Le Président le Polynésie française, Gaston Flosse, largement élu par votre Assemblée,
a constitué dès le 17 mai un nouveau gouvernement pour servir la Polynésie. Dans ce contexte
économique catastrophique, la cohérence de l’action gouvernementale constituait une
nécessité vitale.
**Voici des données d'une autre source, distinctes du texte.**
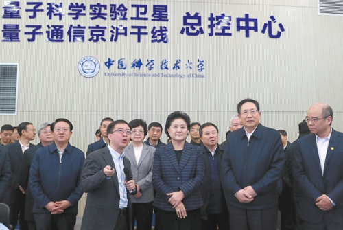 3月25日,中共中央政治局委员、国务院副总理刘延东考察量子科学实验卫星及量子通信京沪干线合肥总控中心。 安徽日报记者 徐国康 摄
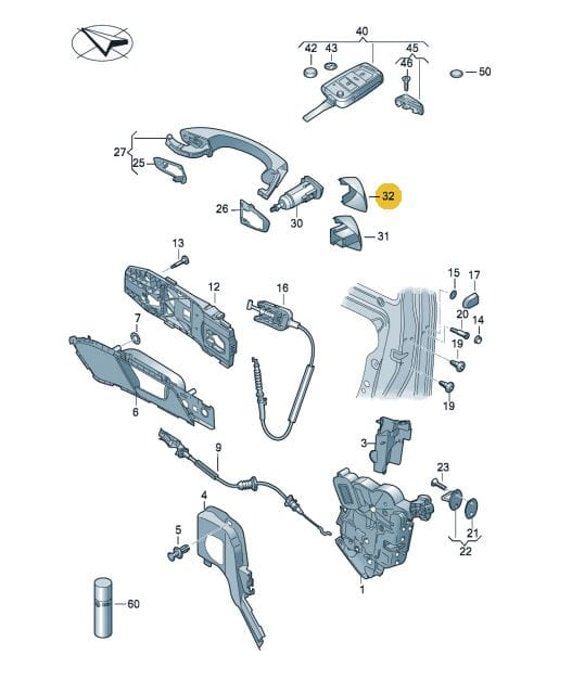 Left front door handle cover cap VW SEAT SKODA AUDI

Cohérence de nos actions pour initier le redressement de nos comptes publics,
cohérence de nos actions pour fonder la relance économique, cohérence de nos actions pour
redonner confiance à notre population.
Cinq actions majeures devaient impérativement être mises en œuvre :
a.
La première, la plus controversée, la plus critiquée, la plus courageuse aussi, fut
la réforme fiscale.
Que n’a-t-on pas entendu dire, ici ou là ?… pompe budgétaire, un matraquage fiscal.
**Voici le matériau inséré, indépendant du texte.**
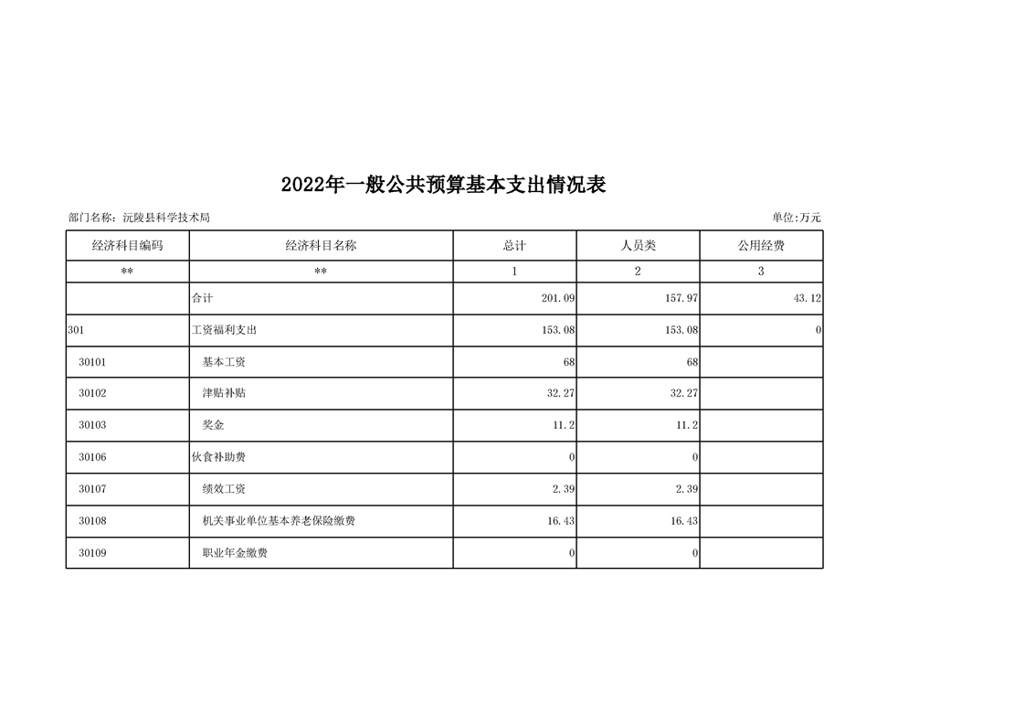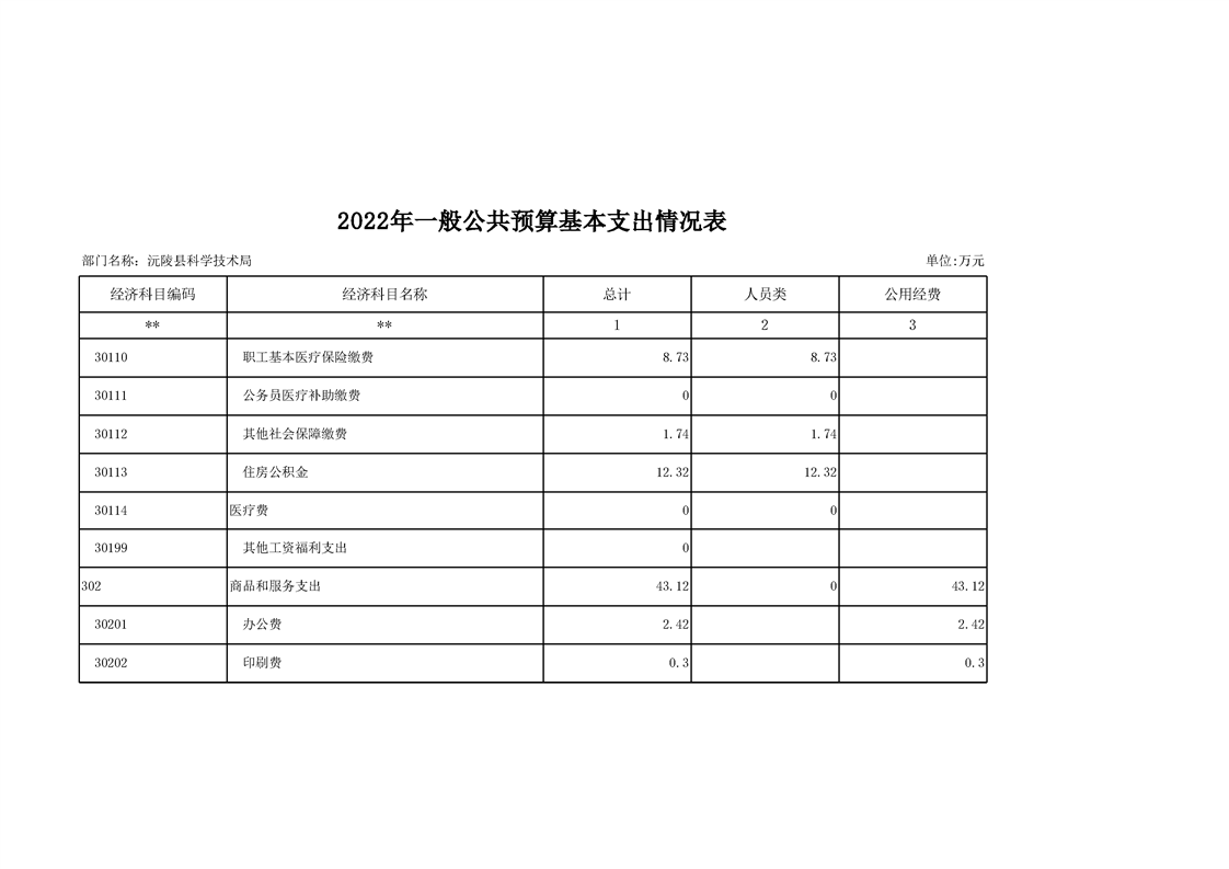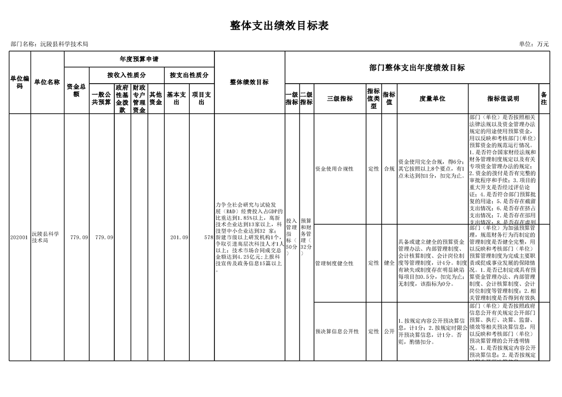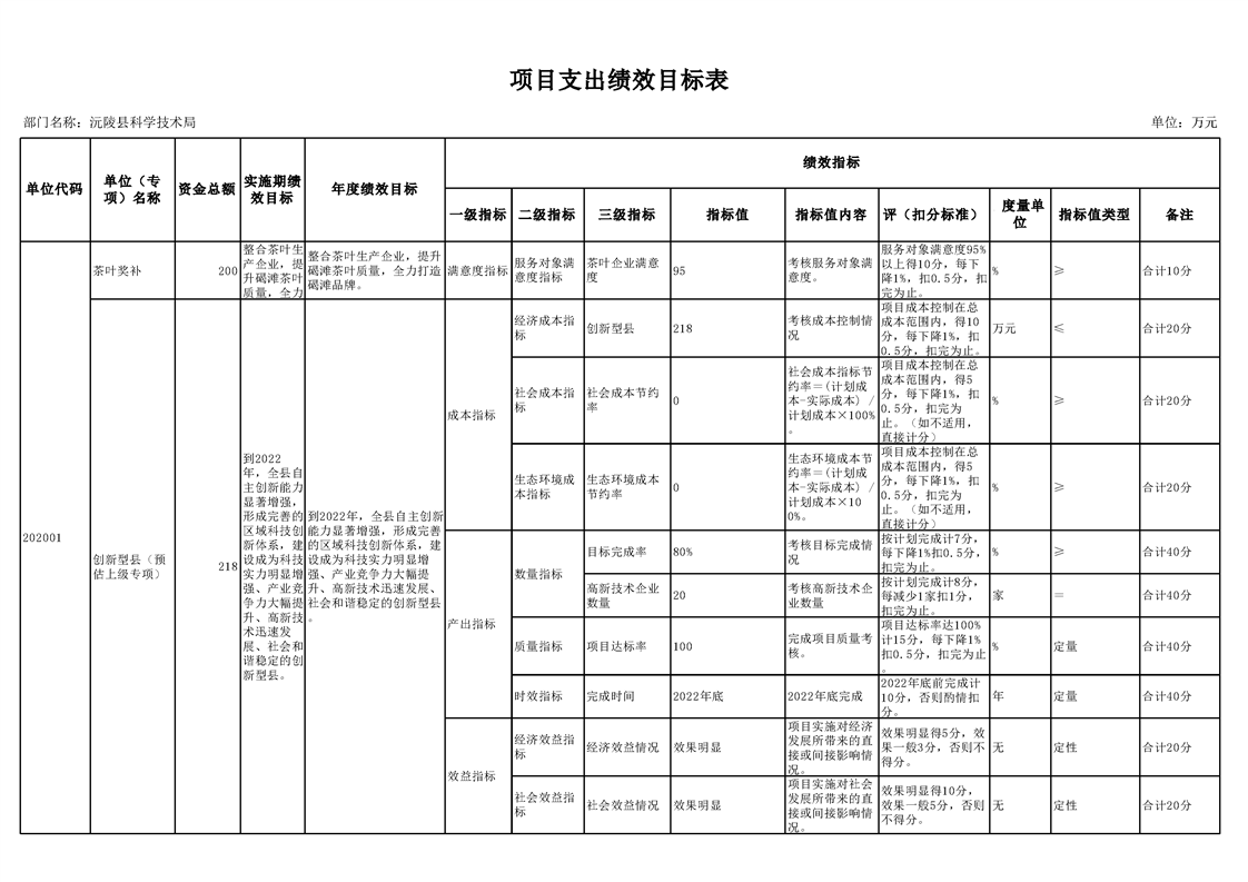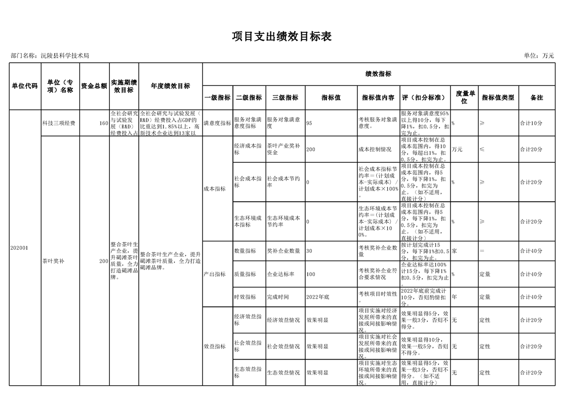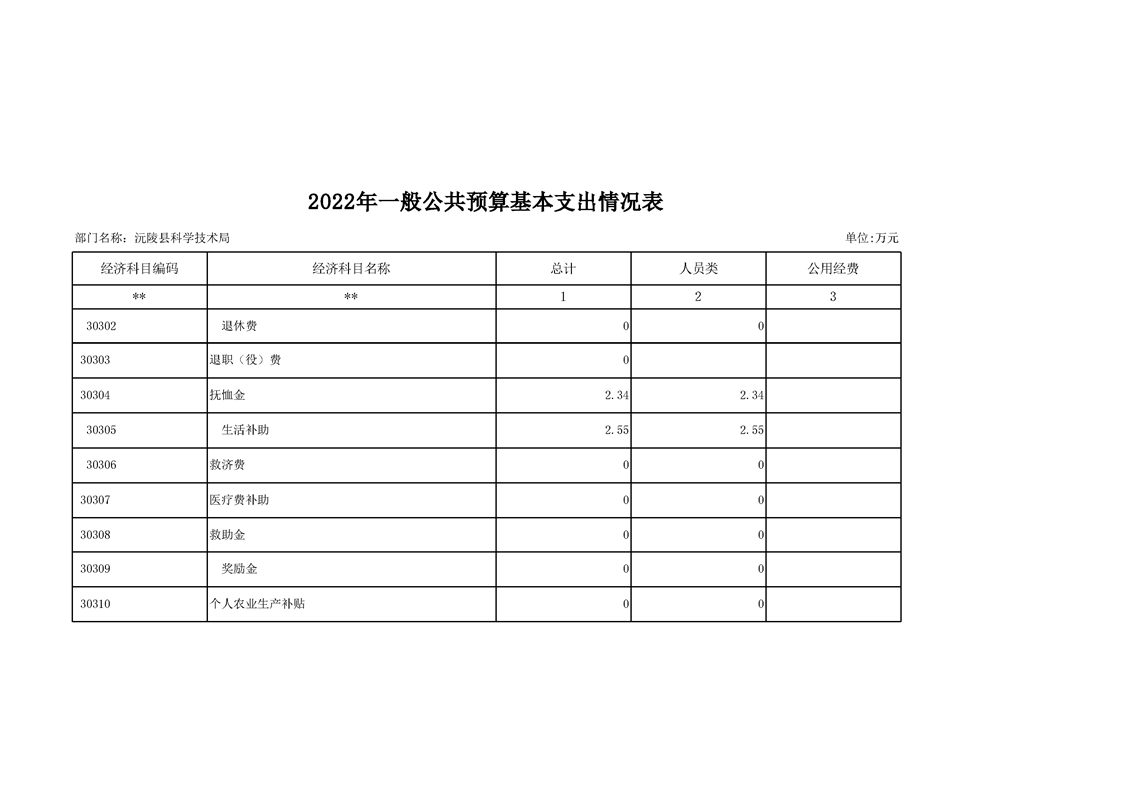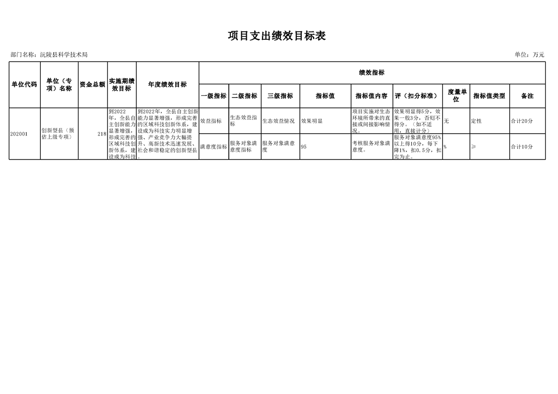 2022年沅陵县科学技术局预算公开

La rhétorique habituelle des lieux communs et du populisme rampant allèrent bon train,
davantage du côté de cette Assemblée d’ailleurs que parmi les leaders syndicaux et patronaux
dont il faut féliciter la responsabilité. Tout cela est derrière nous et c’est dans ce calme
retrouvé que nous pouvons regarder les choses lucidement. De manière factuelle.
 Les entreprises bénéficient pour la première fois d’une baisse de l’impôt sur les
sociétés de 5 points, soit une baisse de plus de 14% pour celles qui payaient 35% d’IS.
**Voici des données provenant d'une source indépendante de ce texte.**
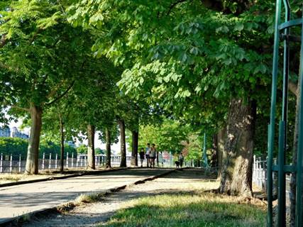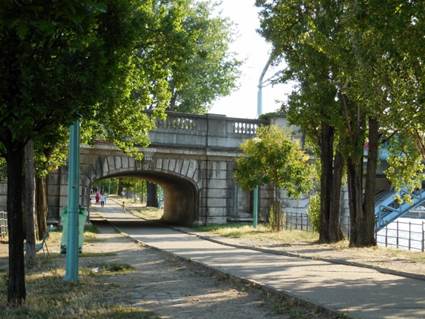 Dessert was a moelleux au chocolat for me, which came in a pool of crème anglaise, with a little scoop of terrific pistachio/mint ice cream and some whipped cream. Tom had the dessert of the day: an apple tart with crème anglaise and vanilla ice cream. Before dinner (and after a day of working at the computers and a bit of watching the Tour de France), we walked for a couple hours in the neighborhood, particularly enjoying the peaceful Île aux Cynges, away from the rush hour traffic. We stopped in Marks and Spencer, too, and bought a supply of coffee – some very dark French roast, and some rich Colombian from South America. And we could not resist buying a chunk of extremely sharp English cheddar cheese. The French don’t make anything like it. The walk home, after dinner, is one of our favorites, because we come up through an elegant group of buildings on a tiny L-shaped side street – the rue Edmond Roger -- and then walk the length of the classic Parisian park, the Place du Commerce. Back at the apartment, the plants on the balcony called out to us – they were so very thirsty, after such a warm and sunny summer’s day. As the sun set, we served them – Tom refilling watering cans, and I inching my way along the plant-crowded balcony, watering away.

 Les salariés, disposant de moins de 250.000 francs par mois, qui constituent la grande
majorité des salaires, ont été épargnés du relèvement de la CST effectué afin de
protéger notre PSG aujourd’hui à la dérive.
 On nous a accusés de matraquer les consommateurs alors que la TVA sur les produits
de 16% reste inchangée ; alors que la TVA réduite de 5% reste inchangée ; alors que la
TVA sur les prestations de service, dont le niveau est largement inférieur au reste des
autres pays, n’augmente finalement que de trois points…
 On nous a accusés de matraquage fiscal alors que la défiscalisation locale a été
réformée, et réduite dans son niveau d’intervention, en crédits d’impôt et en taux
d’imputation, pour bénéficier à davantage de projets.
 Alors, oui c’est vrai les grandes entreprises dominantes devront contribuer plus, pour
participer davantage à l’équité sociale.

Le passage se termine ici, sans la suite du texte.